The gains compress on more complex systems. When the challenge is not 'implement this pattern' but 'design the right architecture for this constraint set,' AI tools are useful discussion partners but not time multipliers in the same way. The 10x productivity claims you see in social media are for the kind of work that's already fast, not the kind of work that's genuinely hard.

There's also a class of production system, the ones with real scale requirements, complex integrations, security surface areas that need proper review, and maintenance teams who need to understand every part of the codebase, where AI-assisted development gets you to a prototype efficiently and then you need experienced engineers to take it further. Mittal Technologies is the kind of team you bring in when the system has grown past what AI-assisted solo development can carry cleanly. The handoff from prototype to production-grade software is a real transition and having people who've made that transition across many different systems is the difference between a codebase you can maintain and one that becomes technical debt.
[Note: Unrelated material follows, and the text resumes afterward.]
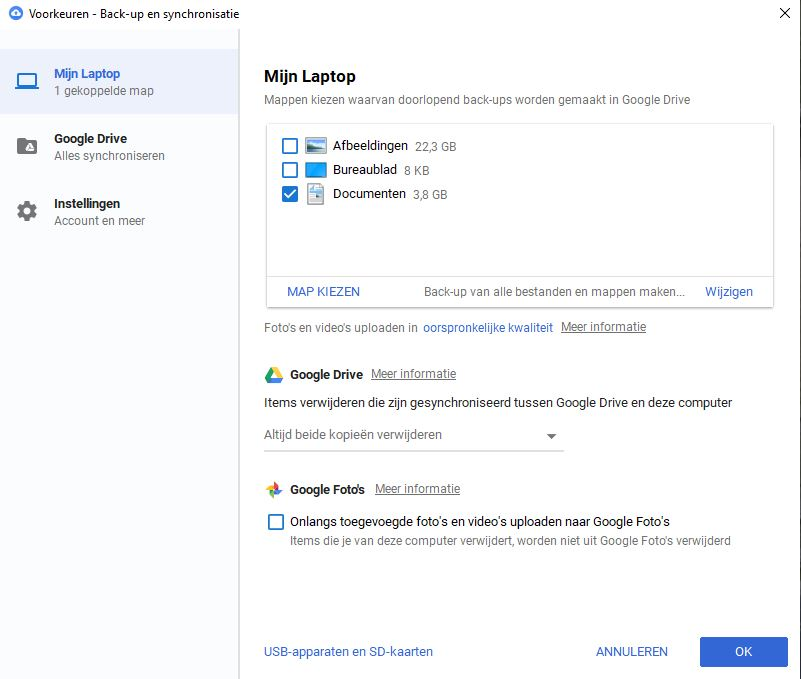 waren alle items aangevinkt. Nu niet meer bij mij. U heeft "Documenten" aangevinkt. Is dit omdat daar je gedeelde gegevens staan? Mijn gegevens staan in Google drive - vroeger daarheen gesleept

AI coding tools have made me faster at the things I was already good at. They haven't changed what I need to know, what I need to review, or what requires genuine engineering judgment. That's both a limitation and, honestly, the right way for this technology to work.

FAQs

Which AI coding tool is actually the best for professional development?
Cursor has become my primary editor integration, the context-aware generation within the editor is more useful for day-to-day work than context-switching to a separate chat interface. Claude is my go-to for architecture discussions and longer code generation tasks where I want to think through the approach before implementation. The right combination depends on your workflow.

Does AI-generated code need to be reviewed differently than human-written code?
Yes, with an important qualifier. AI-generated code should be reviewed at least as carefully as code from a junior developer, not because it's worse on average, but because the failure modes are different. AI code tends to be syntactically clean and structurally sensible while sometimes missing subtle security, performance, or logical issues that require domain knowledge to catch. Treat it as a first draft that needs a thorough review, not as production-ready output.

Does using AI tools make you a worse developer over time?
This is the question I think about the most. My current view: if you use AI to avoid understanding what the code does, yes, potentially. If you use it to move faster through things you already understand, and you still do the review, design, and debugging work yourself. No, you probably get better because you're exposed to more patterns and spend more time on the hard parts.

How should I log time spent with AI tools for client billing?
Bill for your expertise and judgment, not for keystrokes. If AI tools reduce your implementation time but the design, review, and quality assurance is still yours, the value you're delivering hasn't changed. Many developers are having this conversation with clients explicitly and finding that honesty about AI use is better received than they expected.

Are AI coding tools reliable for security-critical code?
Unreliable enough to require thorough review. In my experiment, the AI produced two security issues in authentication code that would have shipped if I hadn't caught them on review. Both were subtle. Neither was obvious from reading the code quickly. Security-critical code should always be reviewed by someone with security knowledge, regardless of how it was generated.